> GIVEN MATERIAL
* * * *

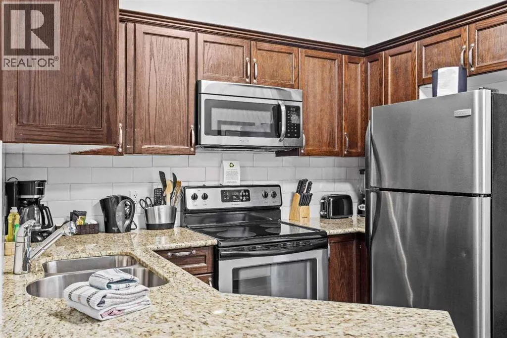 This 6-week fractional ownership opportunity offers a 2 bedroom, 2 bathroom suite located on the second floor of the highly sought-after Grande Rockies Resort in the heart of Canmore. Just a short walk to downtown shops, restaurants, and trails, this location is widely regarded as one of the best in town. The suite features granite countertops, stainless steel kitchen appliances, and in-suite laundry, along with a private patio complete with BBQ and outdoor seating, perfect for enjoying mountain evenings. Thoughtful finishes and a functional layout make this an ideal mountain retreat. Owners enjoy access to exceptional resort amenities, including an indoor swimming pool with waterslide, kiddie pool, indoor and outdoor hot tubs, fitness room, Grande Kitchen & Bar, and banquet facilities. As part of Paradise Residence Club, owners and guests also have access to the games room, outdoor BBQ area with Napoleon grills, and a gas fire pit located at the adjacent Sunset Resorts Canmore. The innovative rotation calendar provides 3 fixed peak-demand weeks on a rotating basis, plus 3 floating shoulder-season weeks, offering exceptional flexibility within the fractional ownership market. Owners may occupy the suite, lend it to friends, or participate in the established rental program. Property taxes, utilities, insurance, and professional property management are included in the annual fees, making this a truly turnkey ownership opportunity. A fantastic way to enjoy Canmore year after year, this one wonât last long. (id:27476)
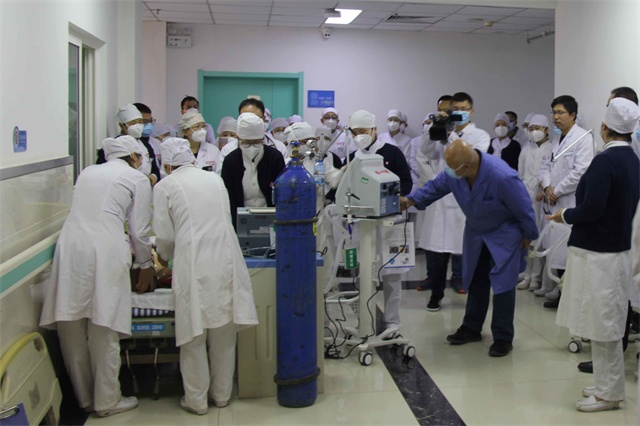 此次演练严格按照医院《急救类、生命支持类医学装备应急预案》的具体要求执行,由医务科主任唐浩暅担任总指挥,设备科主任张军国担任现场指挥,以内四科为模拟演练现场,假定在患者急救过程中呼吸机突发故障,无法抢修,且科室现有呼吸机不足的条件下,进行设备应急调配的演练。临床科室各派出2名医生及护士共40余人参观了本次演练。
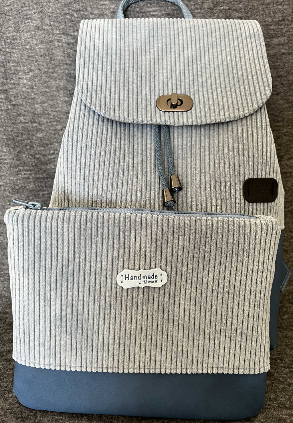 Hier sehen Sie ein Set aus einem Rucksack „Ronja“ und einer Kosmetiktasche aus Cord und Kunstleder in schön abgestimmten Blautönen (blau-grau/mittelblau).
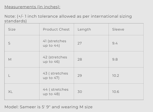 Model: Sameer is 5' 9" and wearing M size

* * * *

Repeat only what lies between the start of the data and the end of the line containing "此次演练严格按照医院《急救类", exactly, with pictures left out.

> TASK OUTPUT
 This 6-week fractional ownership opportunity offers a 2 bedroom, 2 bathroom suite located on the second floor of the highly sought-after Grande Rockies Resort in the heart of Canmore. Just a short walk to downtown shops, restaurants, and trails, this location is widely regarded as one of the best in town. The suite features granite countertops, stainless steel kitchen appliances, and in-suite laundry, along with a private patio complete with BBQ and outdoor seating, perfect for enjoying mountain evenings. Thoughtful finishes and a functional layout make this an ideal mountain retreat. Owners enjoy access to exceptional resort amenities, including an indoor swimming pool with waterslide, kiddie pool, indoor and outdoor hot tubs, fitness room, Grande Kitchen & Bar, and banquet facilities. As part of Paradise Residence Club, owners and guests also have access to the games room, outdoor BBQ area with Napoleon grills, and a gas fire pit located at the adjacent Sunset Resorts Canmore. The innovative rotation calendar provides 3 fixed peak-demand weeks on a rotating basis, plus 3 floating shoulder-season weeks, offering exceptional flexibility within the fractional ownership market. Owners may occupy the suite, lend it to friends, or participate in the established rental program. Property taxes, utilities, insurance, and professional property management are included in the annual fees, making this a truly turnkey ownership opportunity. A fantastic way to enjoy Canmore year after year, this one wonât last long. (id:27476)
 此次演练严格按照医院《急救类、生命支持类医学装备应急预案》的具体要求执行,由医务科主任唐浩暅担任总指挥,设备科主任张军国担任现场指挥,以内四科为模拟演练现场,假定在患者急救过程中呼吸机突发故障,无法抢修,且科室现有呼吸机不足的条件下,进行设备应急调配的演练。临床科室各派出2名医生及护士共40余人参观了本次演练。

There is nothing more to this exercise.